Quatre jours et quatre nuits que nous chevauchions à travers un hiver ardent, et toujours aucun palace à l'horizon. Et pour nous faciliter la tâche, une tempête semblait se lever vers le Nord. Malgré les couches innombrables de tissus que nous portions sur le dos, le froid nous mordait férocement la peau, la rougissant et la gelant à divers endroits. Mes compagnons se distrayaient en se racontant diverses histoires et mésaventures. Je les écoutait d'une oreille distraite, amusé. Les journées étaient longues et éreintantes, à travers ces paysages entièrement constitués de neige et de glace, et nous avions tous hâte d'enfin arriver à destination, tout comme nos montures. Sans protection, nous serions déjà morts et givrés, enfouis quelque part sous la neige. Je resserais mon manteau en frissonant et levai le regard. Comme je l'avais prédit, une forte tempête se levait et un tourbillon de neige semblait s'approcher de nous tel un bloc. Il ne manquait plus que ça. Nous allions être retardés plus que nous l'étions déjà, et le peu de patience qui nous restait s'envolerait. Je fronçais les sourcils à mesure que nous nous approchions. Ce n'était pas une tempête. C'était bien plus grand. Bien plus impressionnant. Ma monture se mit à hénir et à se cabrer. Il fut bientôt suivi par ceux de mes compagnons. Je tirais sur les rênes afin de le stopper et me mit à caresser l'encolure de mon cheval afin de le calmer. Au bout de quelques minutes, il retrouva son calme et je pût soupirer.
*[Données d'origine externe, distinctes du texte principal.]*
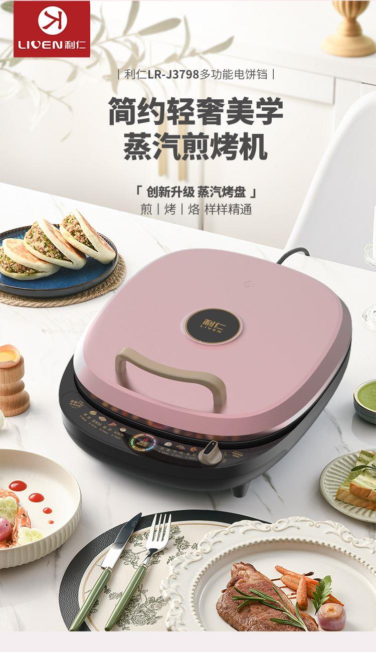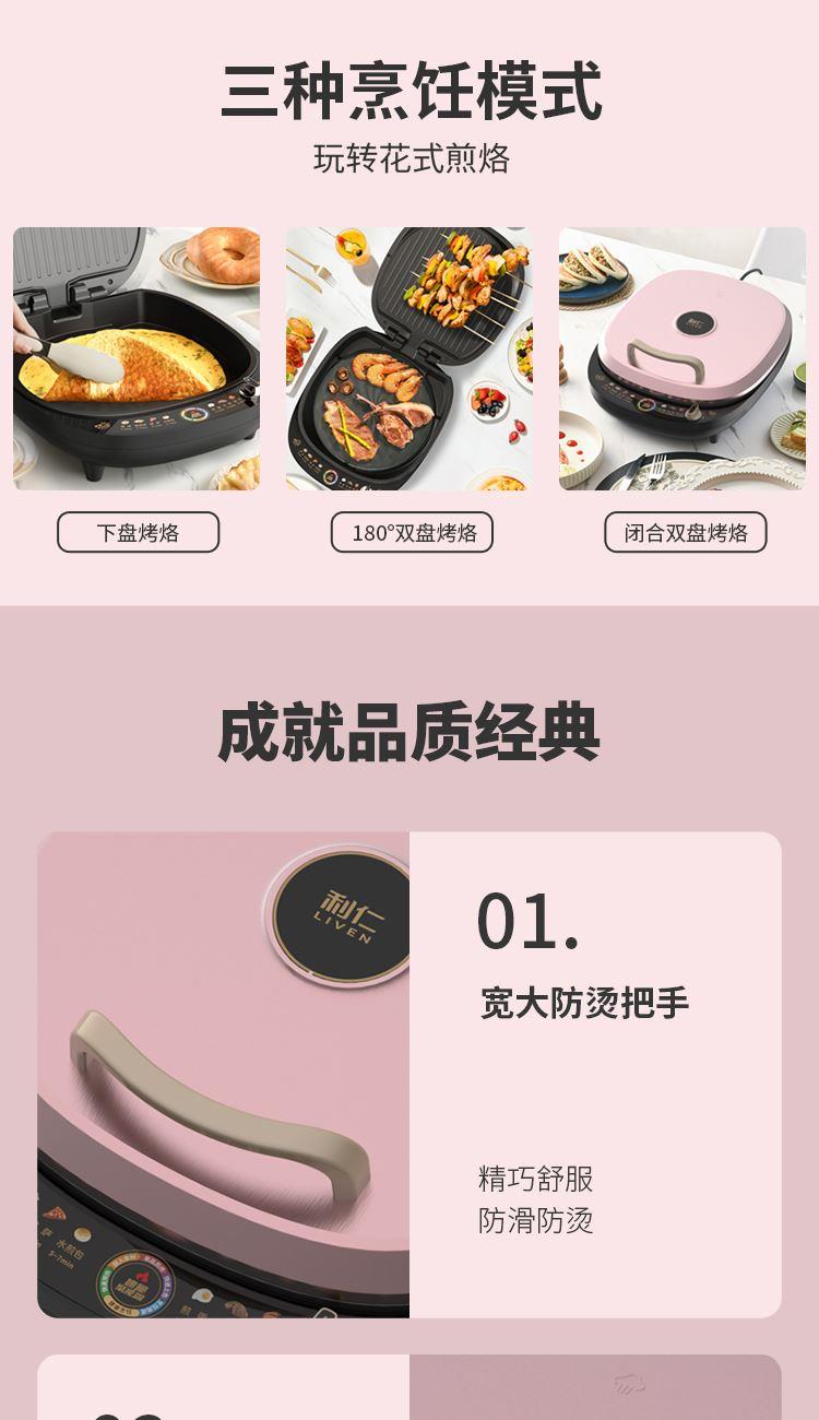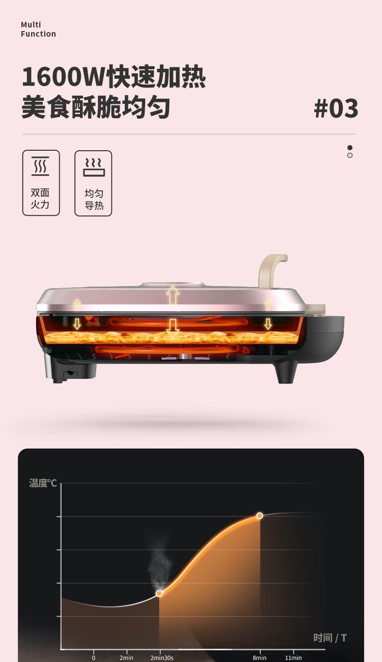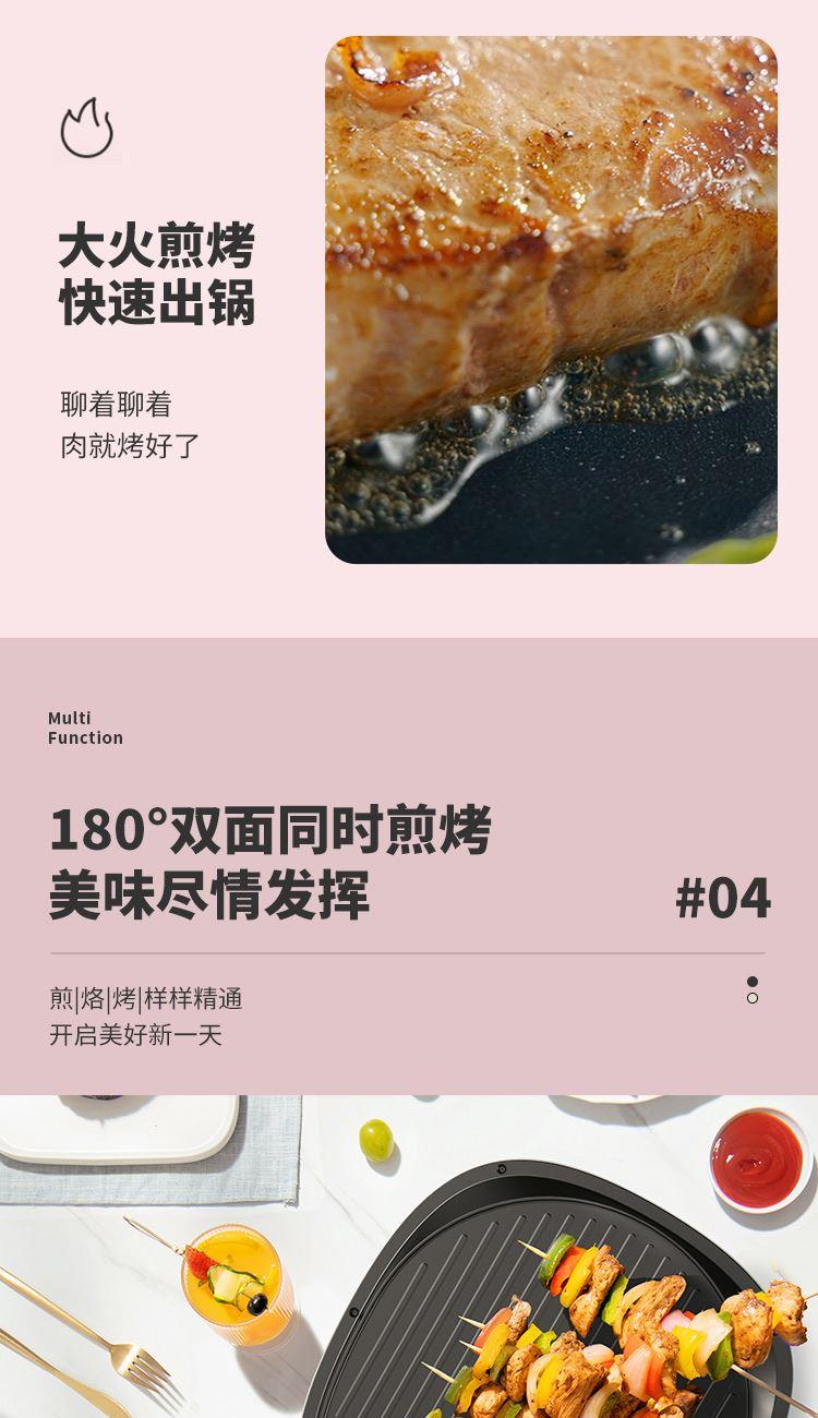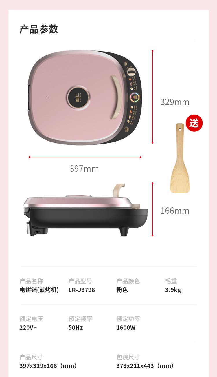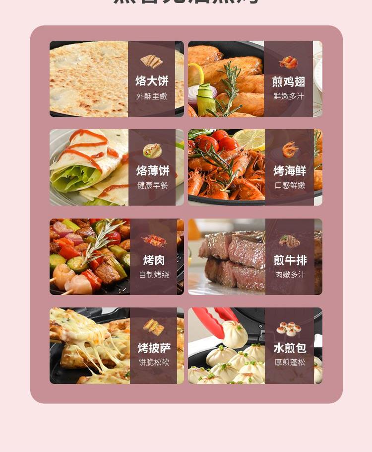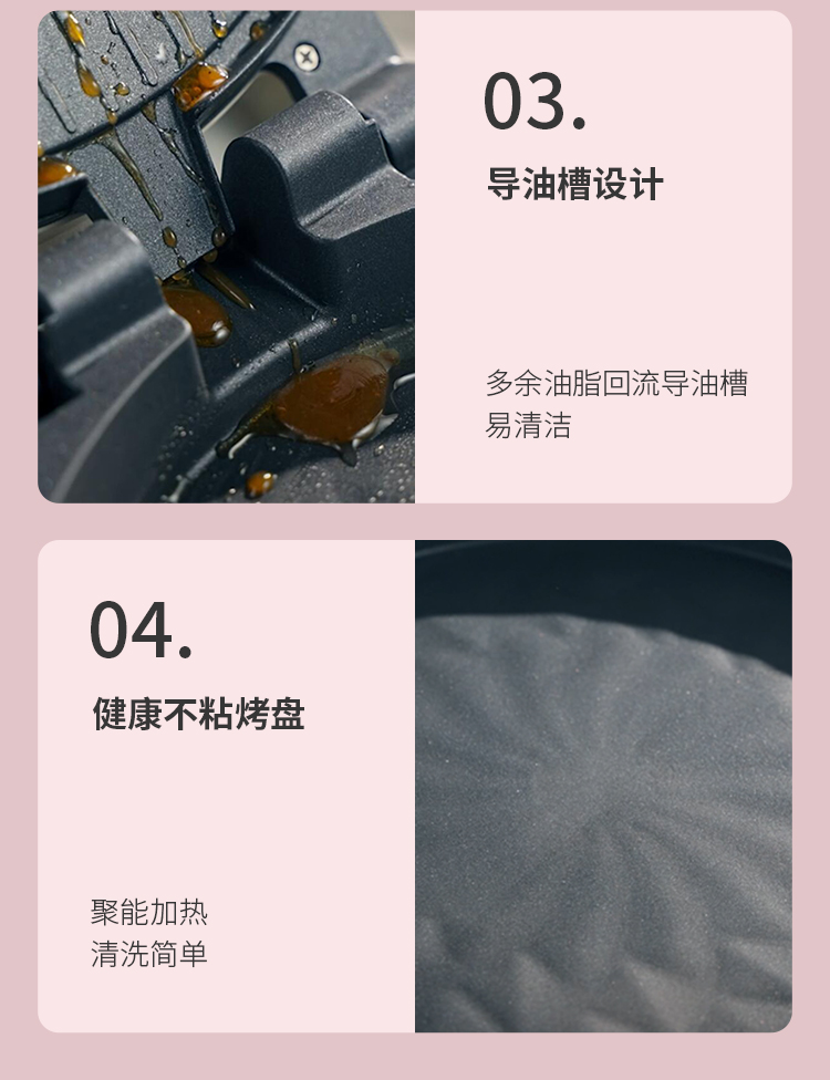 新升级蒸汽煎烤,蓬松酥脆 36mm加深烤盘,薄厚随心烙 180°展平,双面同时煎烤 1600W大功率,快速加热 健康不粘涂层,清洗简单

Devant nous se dressait la façade d'un mur titanesque. Depuis notre position, je ne parvenais pas à apercevoir le sommet de celui-ci, la tête levée à son paroxysme. Avec prudence nous décidions de nous avancer jusqu'au pied de cet édifice irréel. Je parcourus la surface du regard, à la recherche d'une entrée. J'eut à peine le temps de dégainer mon épée, qu'une flèche me frôla la pomette gauche. Je levais ma main pour signaler à mes compagnons de ranger leurs armes et tournait la tête vers l'origine de la flèche. Dans l'une des crevasses du mur se trouvait un homme encapuchonné dans un épais manteau noir. On pouvait facilement distinguer une barbe grisâtre et un nez crochu.
-Halte là! Un pas de plus et je m'assurerais de mieux viser cette fois-ci, tonna une voix rocailleuse, d'un air menaçant.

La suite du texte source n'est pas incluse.